AVAILABLE RECORDS:
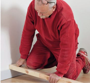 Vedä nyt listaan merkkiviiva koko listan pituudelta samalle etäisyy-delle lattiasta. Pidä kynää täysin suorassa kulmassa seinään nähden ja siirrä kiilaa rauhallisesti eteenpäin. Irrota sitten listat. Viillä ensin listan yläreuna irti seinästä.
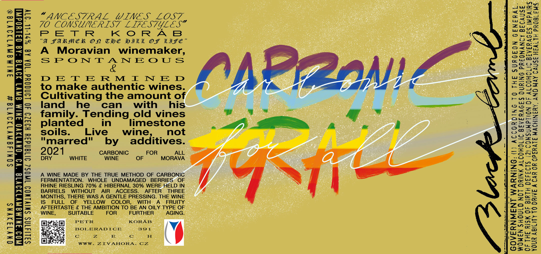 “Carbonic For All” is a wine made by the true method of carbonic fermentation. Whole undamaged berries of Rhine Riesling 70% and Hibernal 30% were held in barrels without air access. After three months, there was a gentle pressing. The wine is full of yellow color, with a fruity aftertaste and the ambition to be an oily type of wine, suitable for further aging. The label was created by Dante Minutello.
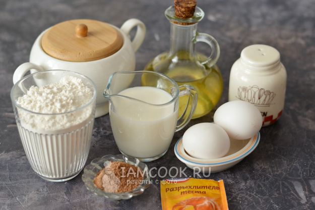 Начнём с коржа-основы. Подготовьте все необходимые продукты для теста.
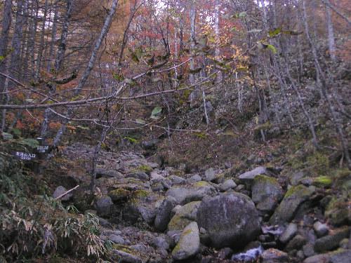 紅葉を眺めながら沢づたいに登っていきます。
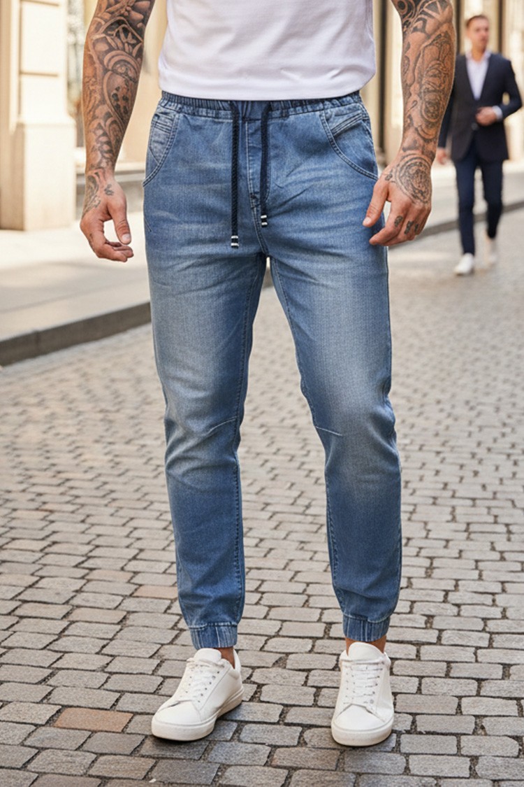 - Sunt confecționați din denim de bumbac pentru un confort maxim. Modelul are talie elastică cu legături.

---

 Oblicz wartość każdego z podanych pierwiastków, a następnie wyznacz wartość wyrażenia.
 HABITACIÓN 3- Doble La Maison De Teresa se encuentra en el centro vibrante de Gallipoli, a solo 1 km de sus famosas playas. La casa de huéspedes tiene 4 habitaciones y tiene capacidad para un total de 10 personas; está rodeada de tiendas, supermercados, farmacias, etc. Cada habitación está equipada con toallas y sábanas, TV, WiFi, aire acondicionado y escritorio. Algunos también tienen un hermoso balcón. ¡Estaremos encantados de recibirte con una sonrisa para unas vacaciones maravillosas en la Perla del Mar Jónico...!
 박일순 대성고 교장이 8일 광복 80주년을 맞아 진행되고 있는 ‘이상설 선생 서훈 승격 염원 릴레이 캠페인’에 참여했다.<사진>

INSTRUCTIONS FOR THE TASK:
Find the line with "Vedä nyt listaan" in the data above, and from there retype each line exactly through the line with "- Sunt confecționați", skipping the pictures along the way.

TASK SOLUTION:
 Vedä nyt listaan merkkiviiva koko listan pituudelta samalle etäisyy-delle lattiasta. Pidä kynää täysin suorassa kulmassa seinään nähden ja siirrä kiilaa rauhallisesti eteenpäin. Irrota sitten listat. Viillä ensin listan yläreuna irti seinästä.
 “Carbonic For All” is a wine made by the true method of carbonic fermentation. Whole undamaged berries of Rhine Riesling 70% and Hibernal 30% were held in barrels without air access. After three months, there was a gentle pressing. The wine is full of yellow color, with a fruity aftertaste and the ambition to be an oily type of wine, suitable for further aging. The label was created by Dante Minutello.
 Начнём с коржа-основы. Подготовьте все необходимые продукты для теста.
 紅葉を眺めながら沢づたいに登っていきます。
 - Sunt confecționați din denim de bumbac pentru un confort maxim. Modelul are talie elastică cu legături.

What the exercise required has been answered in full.